PROJECT SUMMARY Although there have been important advances in the detection and treatment of cancer, there remains an urgent need to develop new therapeutic strategies. Copper (Cu) is an essential micronutrient that is required in higher amounts by cancer cells relative to normal tissues. Several enzymes with key roles in cancer require Cu for their activity, including lysyl oxidases and several oncogenic kinases (e.g., MEK1; ULK1). In pre-clinical models of cancer, many studies have shown that tumor growth and metastasis is suppressed by Cu chelators added to the diet. In clinical trials, Cu depletion via an oral Cu chelator was found to significantly slow disease progression in patients with mesothelioma, and significantly extend survival in breast cancer patients. While it is clear that Cu depletion is a promising anticancer strategy, there is a need to develop therapies that specifically target pathways of Cu delivery to oncogenic enzymes. In the current proposal, we pursue a highly innovative approach by targeting the Cu transporter, ATP7A. Our extensive preliminary studies validate ATP7A as a therapeutic target including: 1) Intestine-specific deletion of murine ATP7A lowers systemic copper status to levels shown to be therapeutic in cancer patients; 2) ATP7A is required to deliver copper to the family of lysyl oxidases, which have well-documented roles in metastasis; 3) Targeted deletion of ATP7A in breast and lung cancer cell lines reduces primary tumor growth and metastasis in mice; 4) Elevated ATP7A expression is significantly correlated with lower survival in cancer patients.

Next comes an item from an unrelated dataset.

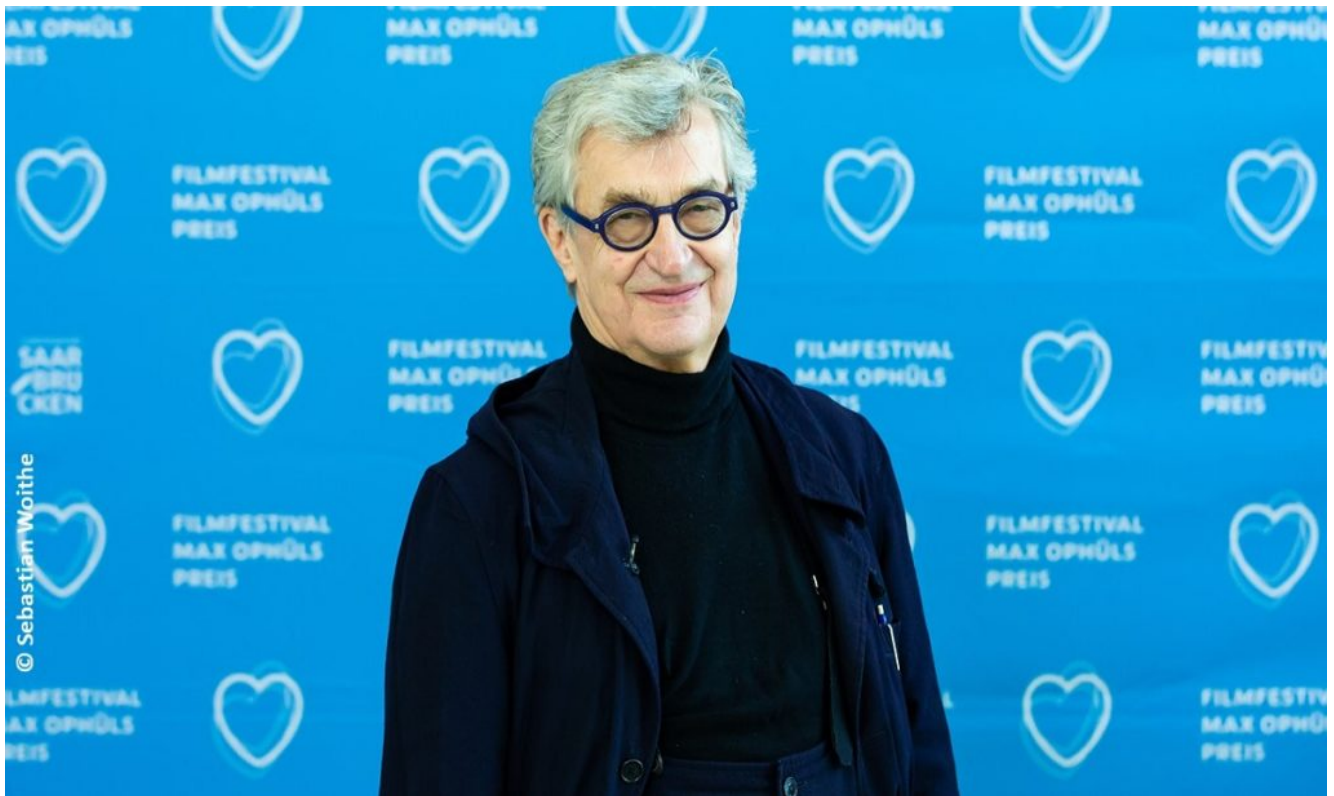
FFMOP Ehren-Preisträger Wim Wenders.

Based on these findings, we hypothesize that a small molecule inhibitor of ATP7A will be therapeutic in cancer. Using computer-aided drug design, we have identified a hit molecule called MKV3 that binds to ATP7A with nanomolar affinity and inhibits ATP7A activity in cancer cell lines. Mice treated with MKV3 showed reduced activity of the serum Cu biomarker, ceruloplasmin, and reduced tumor growth. In this proposal, we will conduct structure guided optimization to identify MKV3 analogs with improved potency and drug like properties (Aim 1); conduct pharmacokinetic studies to identify MKV3 analogs that are suitable for pharmacodynamic studies (Aim 2); and evaluate the most favorable MKV3 analog in mouse models of breast cancer (Aim 3).

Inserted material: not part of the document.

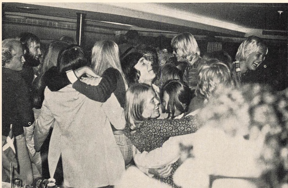
Lanciers'ens Femte Tur.
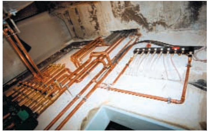
EG: „Klima-Raum“ - Verteiler Fußbodenheizung 1. OG

Atmosphärisches ist spürbar. Ausgezeichnete Lichtverhältnisse und eine Decken-Lärmdämmung werden dem Wohlbefinden der Studiogäste dienen. Gesamteindruck:

项目摘要 尽管在癌症的检测和治疗方面取得了重要进展，但仍有 迫切需要制定新的治疗策略。铜（Cu）是必需的微量营养素 相对于正常组织，癌细胞的量较高。几种在癌症中具有关键作用的酶需要 Cu的活性，包括赖氨酸氧化酶和几种致癌激酶（例如MEK1； ULK1）。在临床前 癌症模型，许多研究表明，肿瘤的生长和转移受到Cu螯合剂的抑制 加入饮食。在临床试验中，发现通过口服Cu螯合剂耗尽的铜耗尽显着缓慢疾病 间皮瘤患者的进展，并显着延长乳腺癌患者的存活率。同时 很明显，铜耗尽是一种有希望的抗癌策略，有必要开发疗法 特异性靶向CU递送到致癌酶的途径。在当前的建议中，我们追求一个高度 通过靶向CU转运蛋白ATP7A来创新方法。 我们广泛的初步研究将ATP7A验证为治疗靶点，包括：1）特定于肠 少女ATP7A的缺失将系统性铜状态降低至癌症患者的治疗水平； 2）需要ATP7A将铜传递给赖氨酸氧化酶的家族，这些酶在 转移; 3）针对乳腺癌和肺癌细胞系中ATP7A的靶向删除可降低原发性肿瘤的生长 和小鼠转移； 4）ATP7A表达升高与癌症的生存率较低显着相关 患者。根据这些发现，我们假设一个小分子抑制剂ATP7A将是 癌症治疗。使用计算机辅助的药物设计，我们已经确定了一个名为MKV3的热门分子 与纳摩尔亲和力与ATP7A结合，并抑制癌细胞系中的ATP7A活性。用MKV3处理的小鼠 表明血清CU生物标志物，ceruloplasmin和肿瘤生长降低的活性降低。在这个 提案，我们将进行指导优化的结构，以确定效力提高的MKV3类似物 像属性一样的药物（AIM 1）；进行药代动力学研究以识别适合的MKV3类似物 药效研究（AIM 2）；并评估乳房小鼠模型中最有利的MKV3类似物 癌症（目标3）。